Data below
○ ○ ○ ○

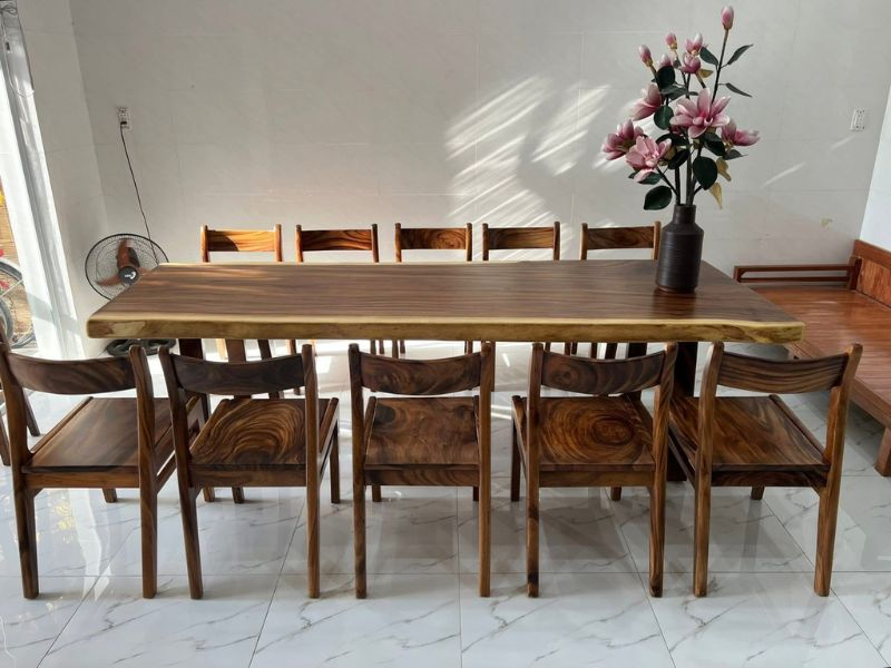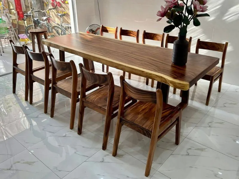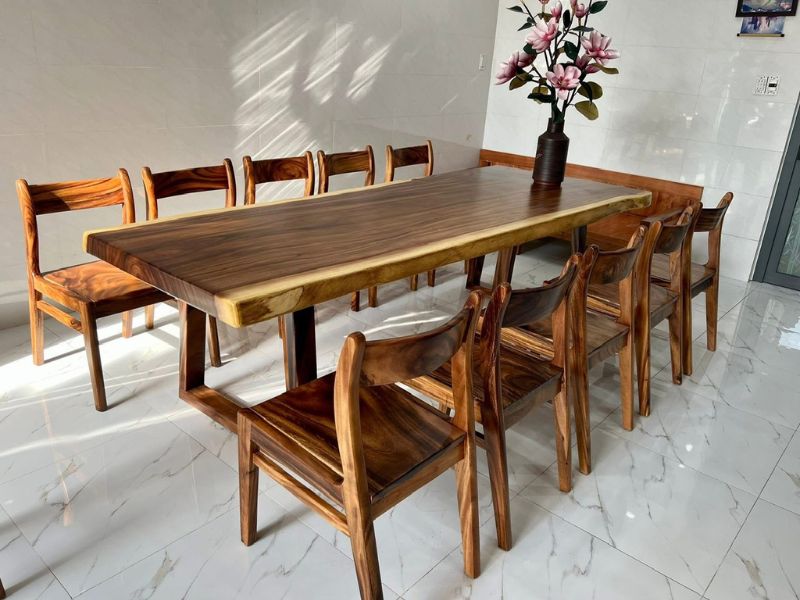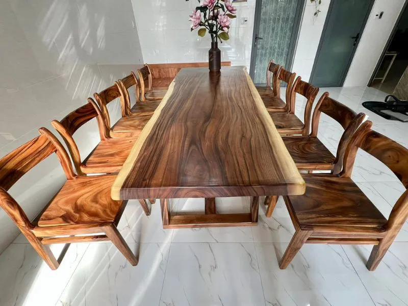 Bộ bàn ghế ăn gỗ tự nhiên 80x12x250cm
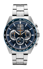 From the Men’s Essential Collection. A perfect blend of precision and design, this dashing chronograph is inspired by racing, hinting at a dashboard in its embossed dial with metallic elements and bright accents. Crafted of stainless steel, with secure screwdown caseback and blue ion-finish tachymeter bezel. The blue multi-layered dial, with orange accents, features LumiBrite hands and 12 o’clock marker, a date calendar and three subdials, one a 24-hour indicator. Chronograph timing provides measurement of up to 60 minutes of elapsed time in 1/5-second increments. 10 bar, 100M Water Resistant
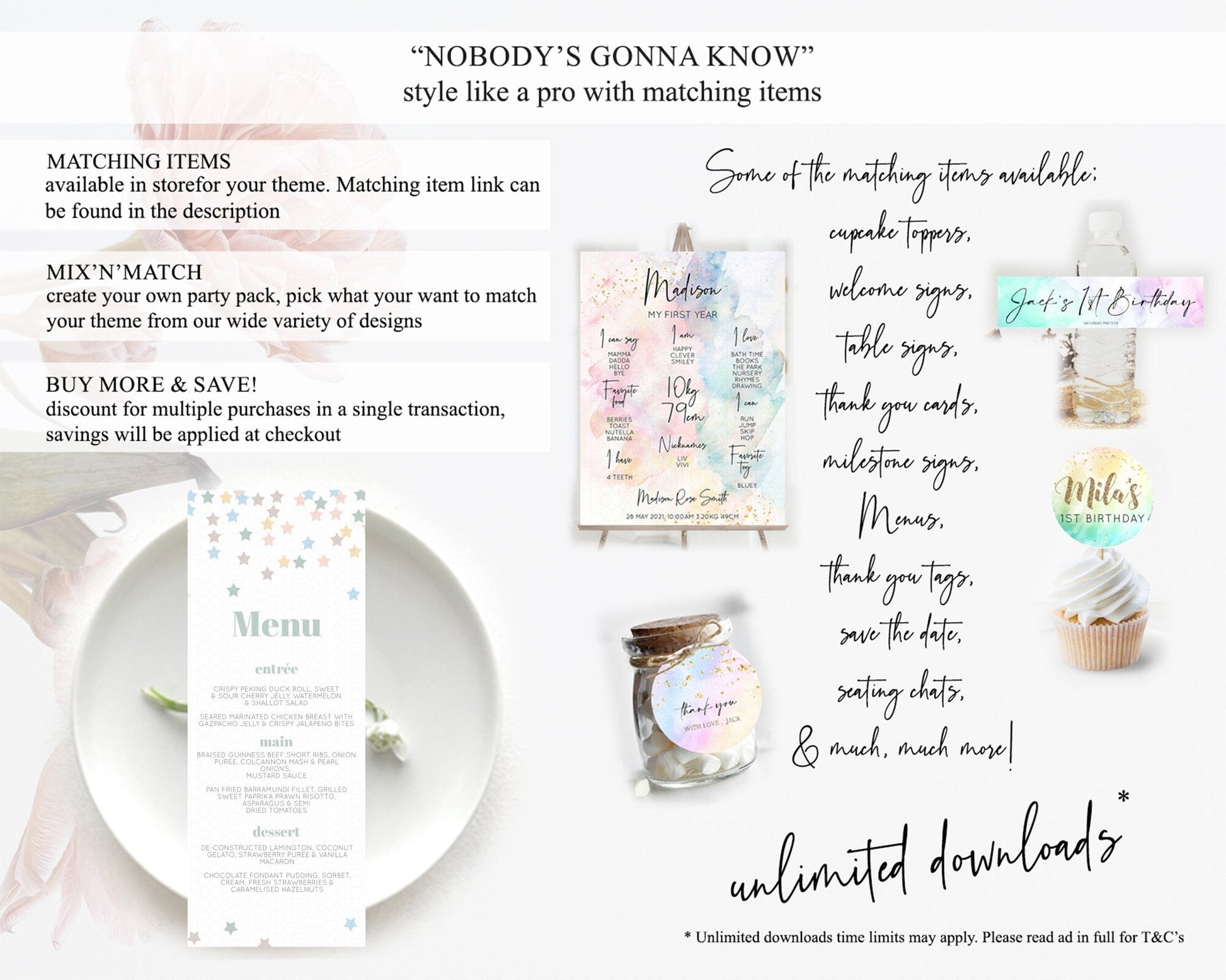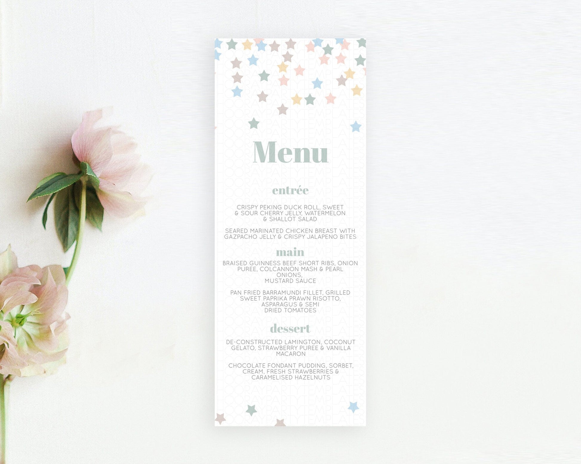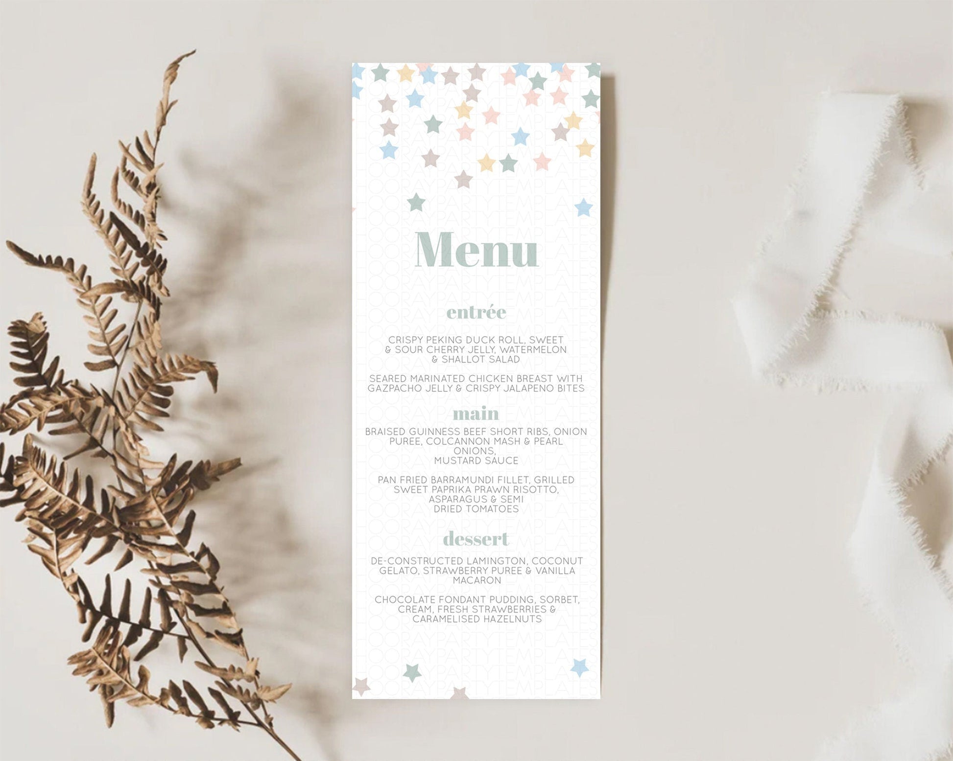 Star Menu Template Pastel Stars Menu Shooting Star Twinkle Little Star Decor Rainbow Colorful Confetti Dinner Dessert Food Menu D10795

○ ○ ○ ○

Work request
Write out the listing above again, exactly, but with no pictures in the copy.

Worked solution
 Bộ bàn ghế ăn gỗ tự nhiên 80x12x250cm
 From the Men’s Essential Collection. A perfect blend of precision and design, this dashing chronograph is inspired by racing, hinting at a dashboard in its embossed dial with metallic elements and bright accents. Crafted of stainless steel, with secure screwdown caseback and blue ion-finish tachymeter bezel. The blue multi-layered dial, with orange accents, features LumiBrite hands and 12 o’clock marker, a date calendar and three subdials, one a 24-hour indicator. Chronograph timing provides measurement of up to 60 minutes of elapsed time in 1/5-second increments. 10 bar, 100M Water Resistant
 Star Menu Template Pastel Stars Menu Shooting Star Twinkle Little Star Decor Rainbow Colorful Confetti Dinner Dessert Food Menu D10795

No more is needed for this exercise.